# What to do
Starting at the line below that contains "1960年黄梅戏老艺人丁永泉" and ending at the line that contains "김명운과 함께 최고의", retype each line exactly as it stands, but omit the pictures.

# Records shown

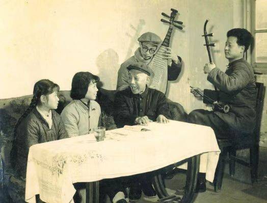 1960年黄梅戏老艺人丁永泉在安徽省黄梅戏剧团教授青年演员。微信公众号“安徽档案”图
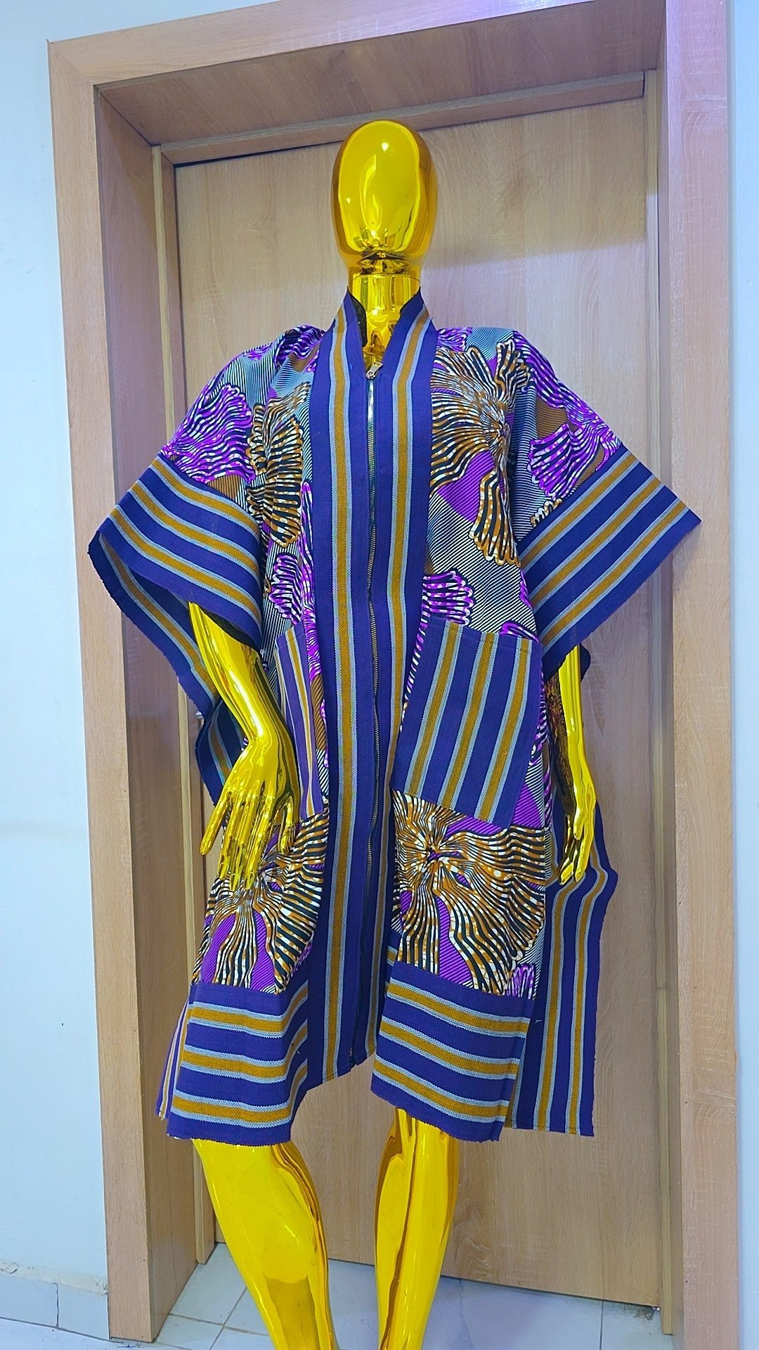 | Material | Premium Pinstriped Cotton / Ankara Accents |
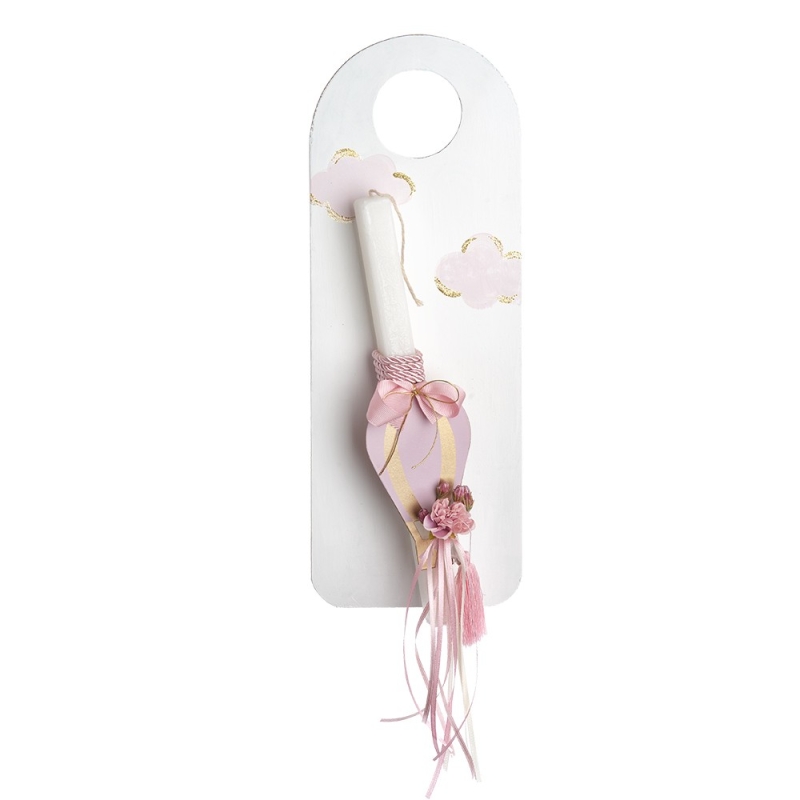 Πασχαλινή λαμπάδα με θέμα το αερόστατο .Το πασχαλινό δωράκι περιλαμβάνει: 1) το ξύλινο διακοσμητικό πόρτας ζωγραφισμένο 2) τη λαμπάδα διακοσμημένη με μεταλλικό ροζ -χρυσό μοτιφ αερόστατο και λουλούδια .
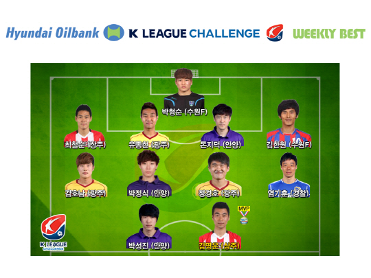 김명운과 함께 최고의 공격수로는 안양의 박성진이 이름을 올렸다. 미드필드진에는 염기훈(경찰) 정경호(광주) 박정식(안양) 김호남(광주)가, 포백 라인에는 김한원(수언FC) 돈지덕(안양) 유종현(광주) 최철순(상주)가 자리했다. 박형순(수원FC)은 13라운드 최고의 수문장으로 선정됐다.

...

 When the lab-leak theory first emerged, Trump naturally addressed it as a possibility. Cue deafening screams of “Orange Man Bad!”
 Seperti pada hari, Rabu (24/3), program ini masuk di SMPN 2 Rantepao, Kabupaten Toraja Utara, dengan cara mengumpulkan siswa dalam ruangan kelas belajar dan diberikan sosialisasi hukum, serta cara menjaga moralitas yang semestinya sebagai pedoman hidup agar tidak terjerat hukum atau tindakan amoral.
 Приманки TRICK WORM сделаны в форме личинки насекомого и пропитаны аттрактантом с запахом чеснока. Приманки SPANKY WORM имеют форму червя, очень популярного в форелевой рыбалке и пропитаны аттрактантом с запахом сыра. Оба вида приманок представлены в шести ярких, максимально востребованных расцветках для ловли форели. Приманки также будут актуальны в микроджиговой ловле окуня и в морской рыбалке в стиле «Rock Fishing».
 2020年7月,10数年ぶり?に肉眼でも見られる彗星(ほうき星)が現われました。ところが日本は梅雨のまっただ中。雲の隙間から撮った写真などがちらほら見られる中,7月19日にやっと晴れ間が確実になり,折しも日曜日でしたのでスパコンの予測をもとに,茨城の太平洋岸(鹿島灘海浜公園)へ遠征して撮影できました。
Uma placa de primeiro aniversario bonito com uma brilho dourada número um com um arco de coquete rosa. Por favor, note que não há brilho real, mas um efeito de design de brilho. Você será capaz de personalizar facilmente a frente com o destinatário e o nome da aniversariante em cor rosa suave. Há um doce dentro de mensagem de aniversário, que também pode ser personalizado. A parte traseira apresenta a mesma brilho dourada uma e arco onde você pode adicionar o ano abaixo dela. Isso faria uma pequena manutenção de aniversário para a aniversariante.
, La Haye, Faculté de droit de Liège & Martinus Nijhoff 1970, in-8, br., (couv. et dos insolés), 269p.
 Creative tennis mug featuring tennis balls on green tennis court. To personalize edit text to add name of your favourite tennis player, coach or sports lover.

...

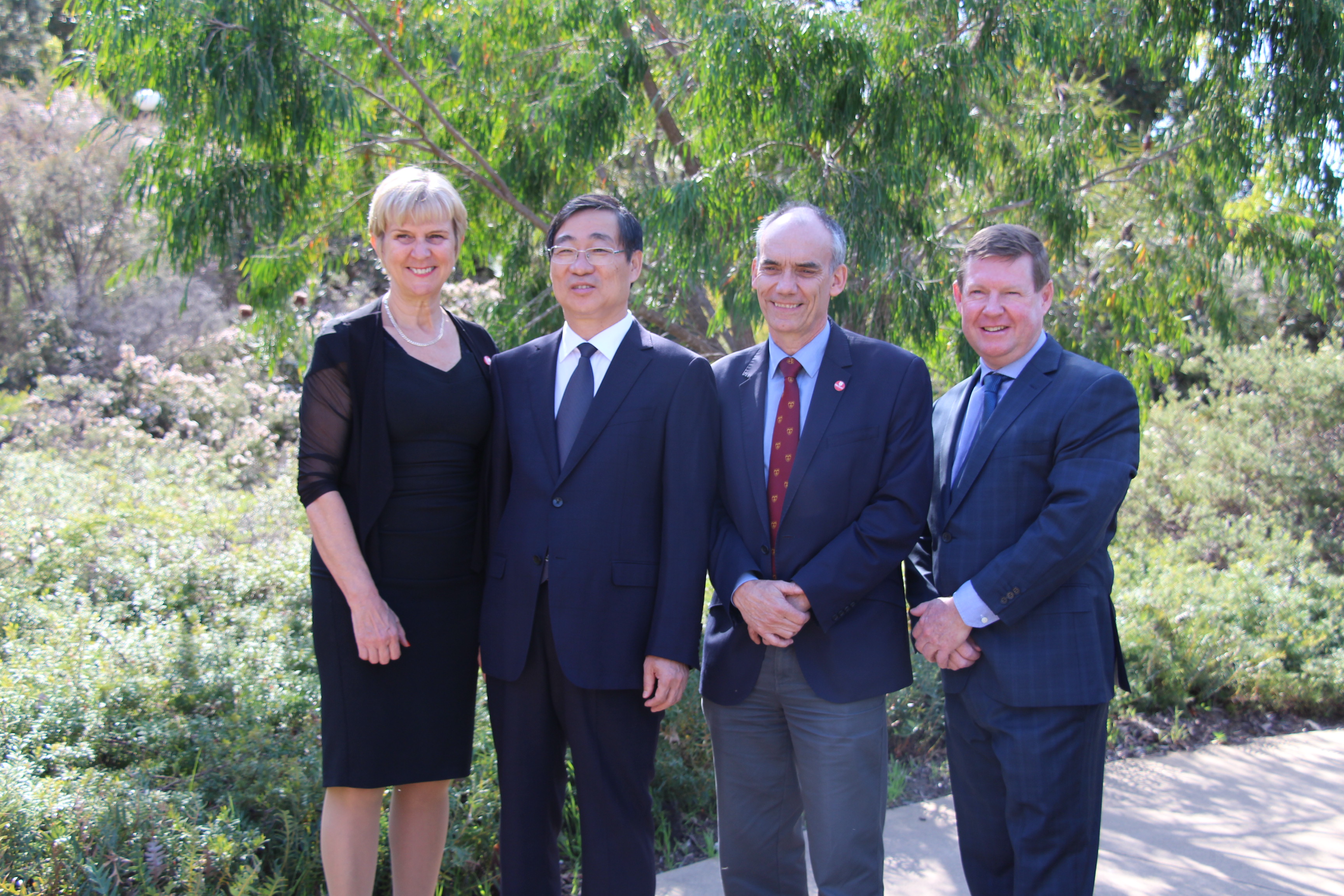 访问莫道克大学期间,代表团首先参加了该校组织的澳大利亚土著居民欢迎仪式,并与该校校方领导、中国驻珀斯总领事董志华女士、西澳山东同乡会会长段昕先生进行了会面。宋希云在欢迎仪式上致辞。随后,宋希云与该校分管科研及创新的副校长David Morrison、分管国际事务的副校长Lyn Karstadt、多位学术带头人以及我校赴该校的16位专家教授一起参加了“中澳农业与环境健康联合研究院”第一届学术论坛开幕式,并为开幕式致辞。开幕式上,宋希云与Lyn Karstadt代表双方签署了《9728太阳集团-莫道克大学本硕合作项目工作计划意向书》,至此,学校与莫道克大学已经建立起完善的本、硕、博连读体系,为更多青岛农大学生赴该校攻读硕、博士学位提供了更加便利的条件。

# Solution to the exercise
 1960年黄梅戏老艺人丁永泉在安徽省黄梅戏剧团教授青年演员。微信公众号“安徽档案”图
 | Material | Premium Pinstriped Cotton / Ankara Accents |
 Πασχαλινή λαμπάδα με θέμα το αερόστατο .Το πασχαλινό δωράκι περιλαμβάνει: 1) το ξύλινο διακοσμητικό πόρτας ζωγραφισμένο 2) τη λαμπάδα διακοσμημένη με μεταλλικό ροζ -χρυσό μοτιφ αερόστατο και λουλούδια .
 김명운과 함께 최고의 공격수로는 안양의 박성진이 이름을 올렸다. 미드필드진에는 염기훈(경찰) 정경호(광주) 박정식(안양) 김호남(광주)가, 포백 라인에는 김한원(수언FC) 돈지덕(안양) 유종현(광주) 최철순(상주)가 자리했다. 박형순(수원FC)은 13라운드 최고의 수문장으로 선정됐다.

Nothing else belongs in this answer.